On 11/15/2022 2:01 PM, Abel Wu wrote:
> Hi Prateek, thanks very much for your detailed testing!
>
> On 11/14/22 1:45 PM, K Prateek Nayak wrote:
>> Hello Abel,
>>
>> Sorry for the delay. I've tested the patch on a dual socket Zen3 system
>> (2 x 64C/128T)
>>
>> tl;dr
>>
>> o I do not notice any regressions with the standard benchmarks.
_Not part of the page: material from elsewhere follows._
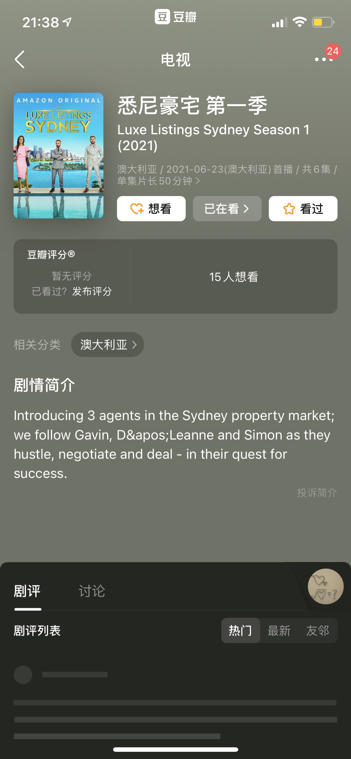 找到一个减压和娱乐的好方法:看豪宅视频。好像这个悉尼豪宅的节目,剧情无聊就是讲中介怎么卖房的,风景看的也是心旷神怡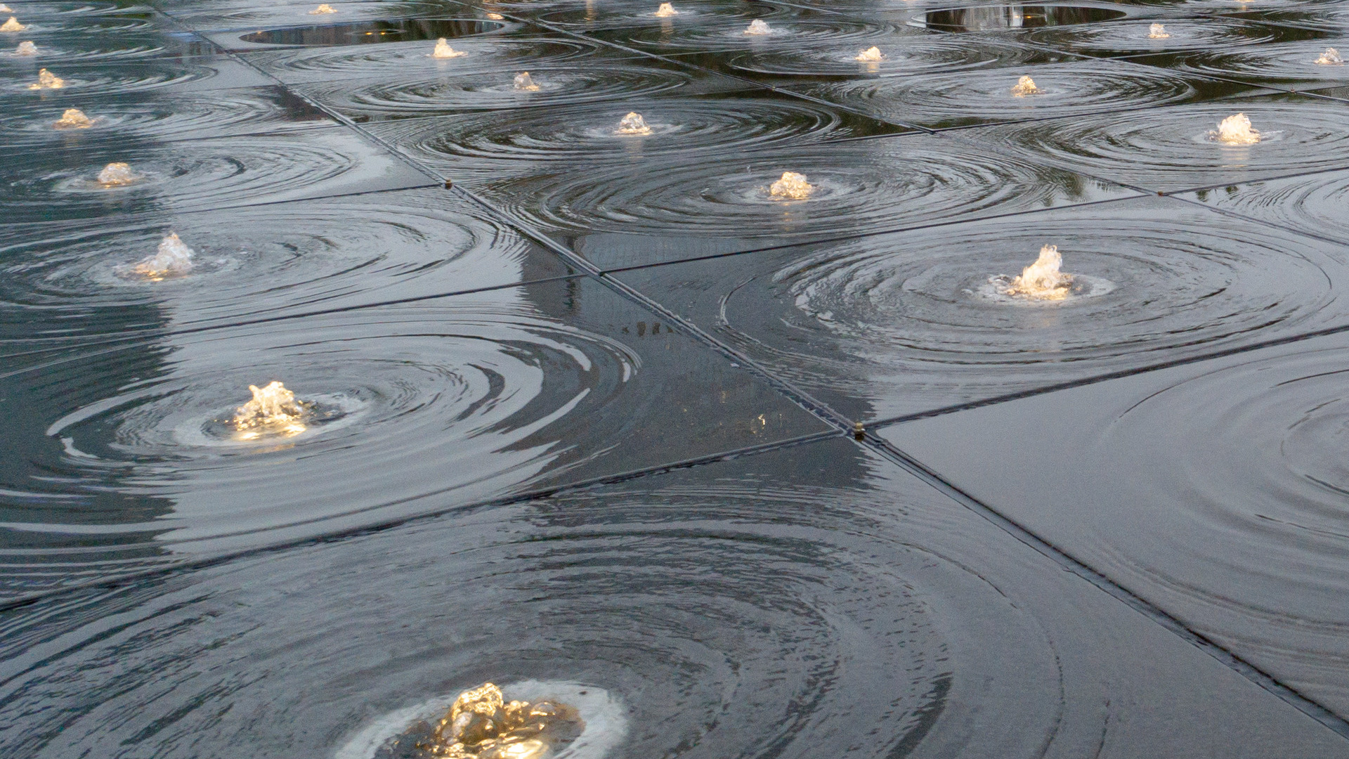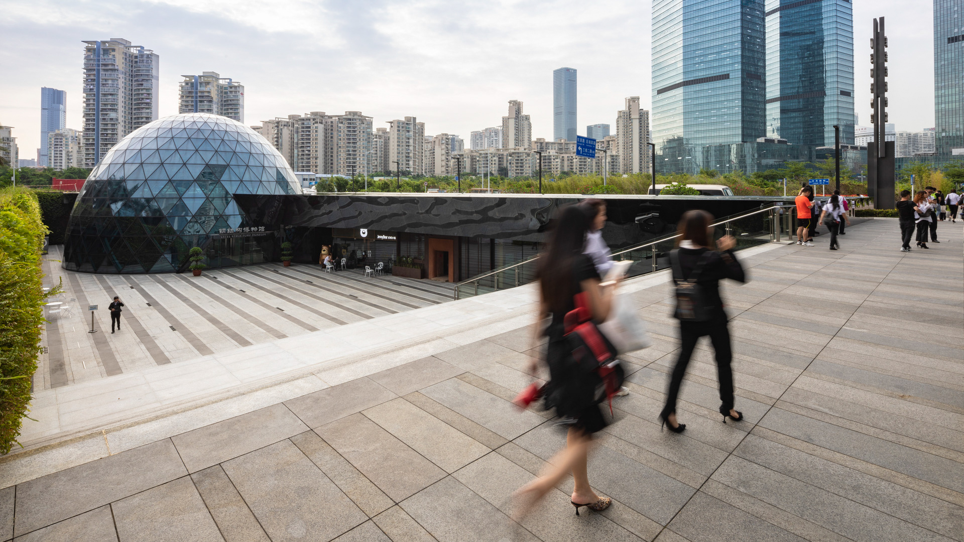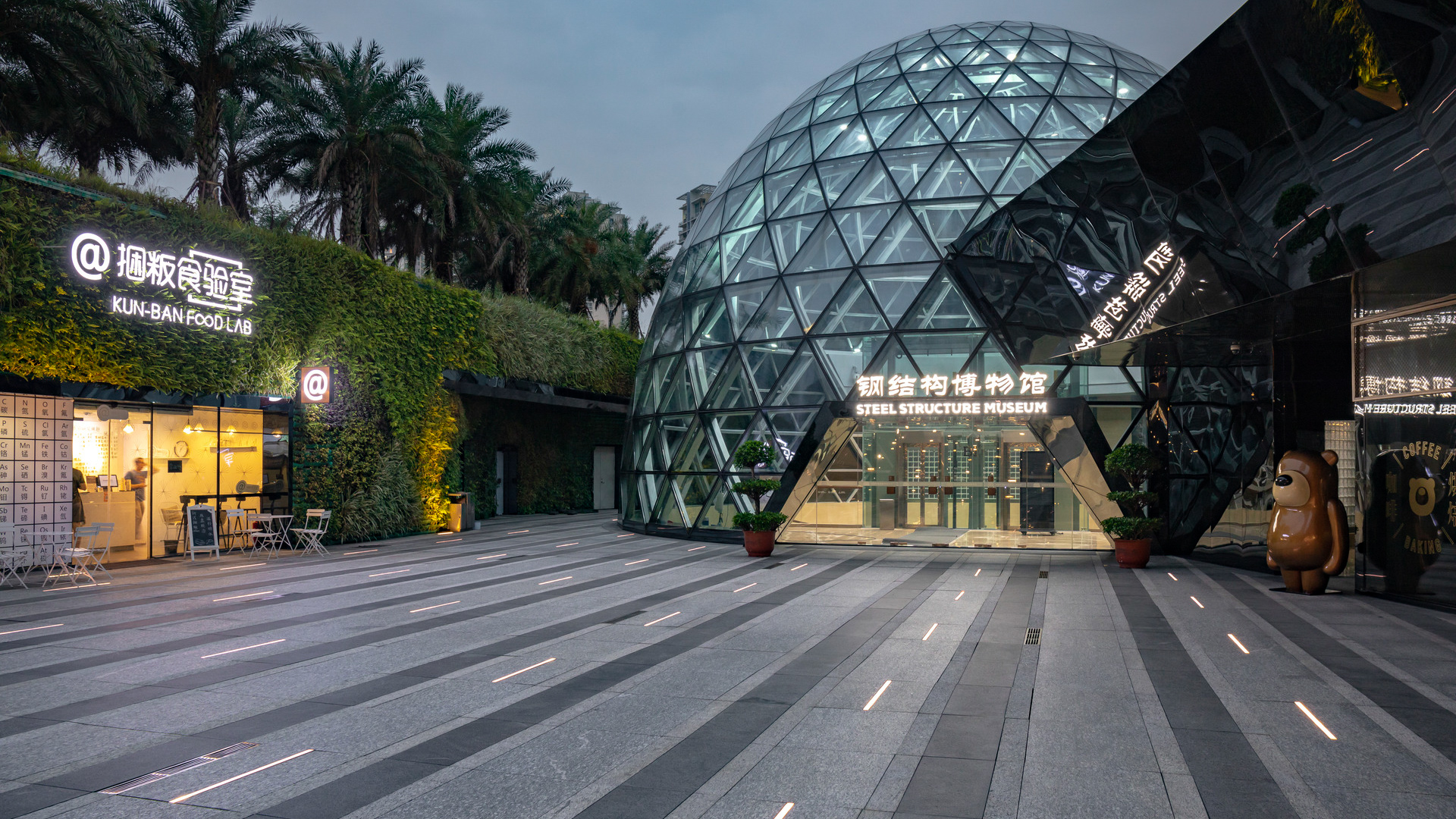 CSCEC Steel is a division of the world’s largest construction company, China State Construction Engineering Corporation Limited. CSCEC Steel is recognized as a leading global steel structure manufacturer; their projects include the CCTV Headquarters in Beijing, the Shanghai IFC, the new Abu Dhabi International Airport, and the 26th Universiade Main Stadium. To celebrate the company’s anniversary, CSCEC Steel built a new corporate headquarters tower and a museum, located in the core of Shenzhen’s Nanshan District. The project’s main design challenge was a reflection fountain structure, a key landscape element that had been designed and constructed prior to SWA s involvement. The 17,000-square-foot fountain covers 50 percent of the site and sits atop of the museum shops. A sunken courtyard serves as the museum’s entry, retail frontage, and a passage to the City Subway station. A green wall softens the structures on site, while also carrying the foliage of the urban park into the sunken plaza. SWA provided three fountain floor design alternatives; a stainless steel motif, inspired by the client’s logo, was the selected scheme.

>> o schbench sees a nice improvement to the tail latency when the number
>> of worker are equal to the number of cores in the system in NPS1 and
>> NPS2 mode. (Marked with "^")
>> o Few data points show improvements in tbench in NPS1 and NPS2 mode.
>> (Marked with "^")
>>
>> I'm still in the process of running larger workloads. If there is any
>> specific workload you would like me to run on the test system, please
>> do let me know. Below is the detailed report:
>
> Not particularly in my mind, and I think testing larger workloads is
> great. Thanks!
>
>>
>> Following are the results from running standard benchmarks on a
>> dual socket Zen3 (2 x 64C/128T) machine configured in different
>> NPS modes.
>>
>> NPS Modes are used to logically divide single socket into
>> multiple NUMA region.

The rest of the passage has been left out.